The listing below must be repeated word for word, with its images excluded.

Provided data:
···
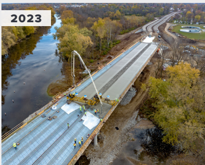
WHITE RIVER BRIDGE

As 2024 comes to an end, check out these photos to see examples of the progress made over the past year.
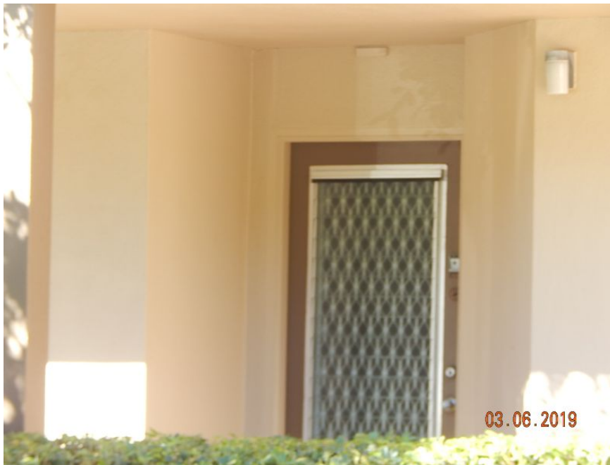
Unprotected Glazed Door
···
Exercise solution:
WHITE RIVER BRIDGE

As 2024 comes to an end, check out these photos to see examples of the progress made over the past year.
Unprotected Glazed Door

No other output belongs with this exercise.